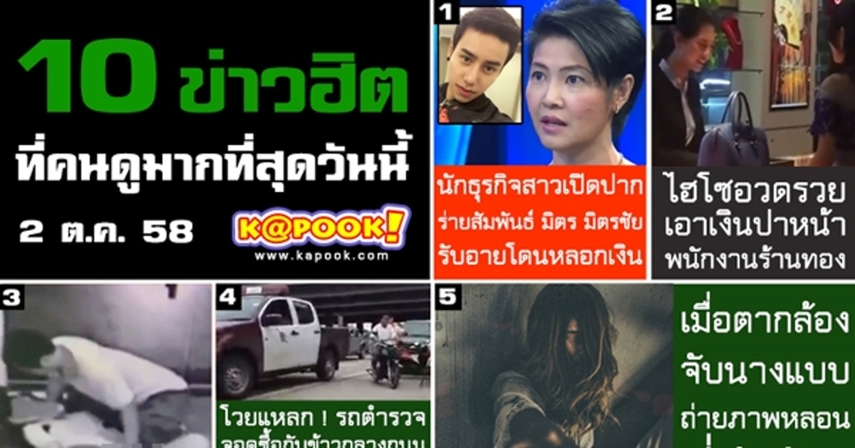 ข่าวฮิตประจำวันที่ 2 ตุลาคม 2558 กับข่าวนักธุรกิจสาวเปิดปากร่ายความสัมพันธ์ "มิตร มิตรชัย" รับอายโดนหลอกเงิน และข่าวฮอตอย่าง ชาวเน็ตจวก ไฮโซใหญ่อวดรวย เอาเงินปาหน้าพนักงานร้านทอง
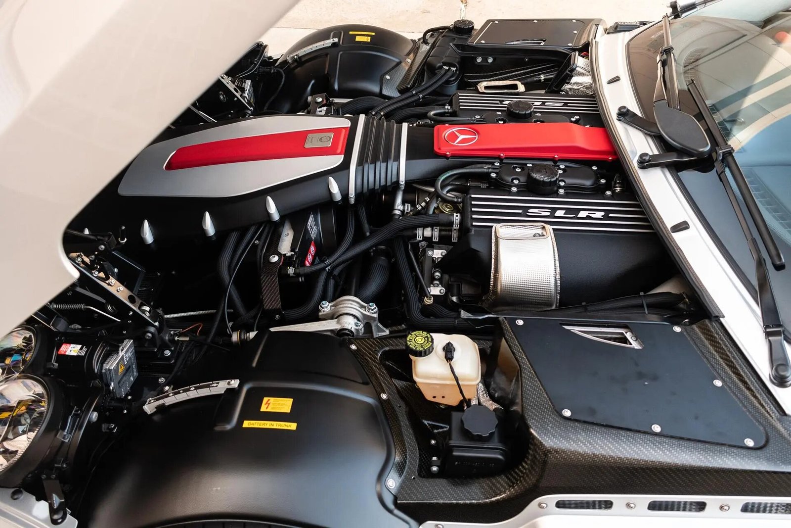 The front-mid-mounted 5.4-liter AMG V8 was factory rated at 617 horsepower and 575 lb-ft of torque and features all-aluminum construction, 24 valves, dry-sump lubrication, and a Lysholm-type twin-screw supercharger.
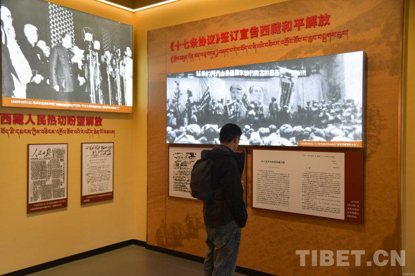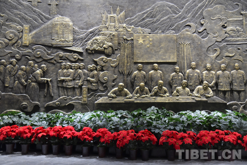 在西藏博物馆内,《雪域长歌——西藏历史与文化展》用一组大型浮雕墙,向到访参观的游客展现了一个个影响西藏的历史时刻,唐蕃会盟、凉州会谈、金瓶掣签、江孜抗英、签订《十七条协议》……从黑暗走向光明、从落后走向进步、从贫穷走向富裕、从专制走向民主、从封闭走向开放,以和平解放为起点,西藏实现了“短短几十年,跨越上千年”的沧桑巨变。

○ ○ ○ ○ ○

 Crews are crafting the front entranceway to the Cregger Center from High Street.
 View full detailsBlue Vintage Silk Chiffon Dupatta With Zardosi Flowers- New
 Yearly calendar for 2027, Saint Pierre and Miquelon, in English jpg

○ ○ ○ ○ ○

--- DIRECTIONS FOR THIS TASK ---
Given the listing above, repeat exactly the lines starting at the one with "ข่าวฮิตประจำวันที่ 2 ตุลาคม" and ending at the one with "在西藏博物馆内,《雪域长歌—", inclusive, excluding pictures.

--- SOLUTION TO THIS PROBLEM ---
 ข่าวฮิตประจำวันที่ 2 ตุลาคม 2558 กับข่าวนักธุรกิจสาวเปิดปากร่ายความสัมพันธ์ "มิตร มิตรชัย" รับอายโดนหลอกเงิน และข่าวฮอตอย่าง ชาวเน็ตจวก ไฮโซใหญ่อวดรวย เอาเงินปาหน้าพนักงานร้านทอง
 The front-mid-mounted 5.4-liter AMG V8 was factory rated at 617 horsepower and 575 lb-ft of torque and features all-aluminum construction, 24 valves, dry-sump lubrication, and a Lysholm-type twin-screw supercharger.
 在西藏博物馆内,《雪域长歌——西藏历史与文化展》用一组大型浮雕墙,向到访参观的游客展现了一个个影响西藏的历史时刻,唐蕃会盟、凉州会谈、金瓶掣签、江孜抗英、签订《十七条协议》……从黑暗走向光明、从落后走向进步、从贫穷走向富裕、从专制走向民主、从封闭走向开放,以和平解放为起点,西藏实现了“短短几十年,跨越上千年”的沧桑巨变。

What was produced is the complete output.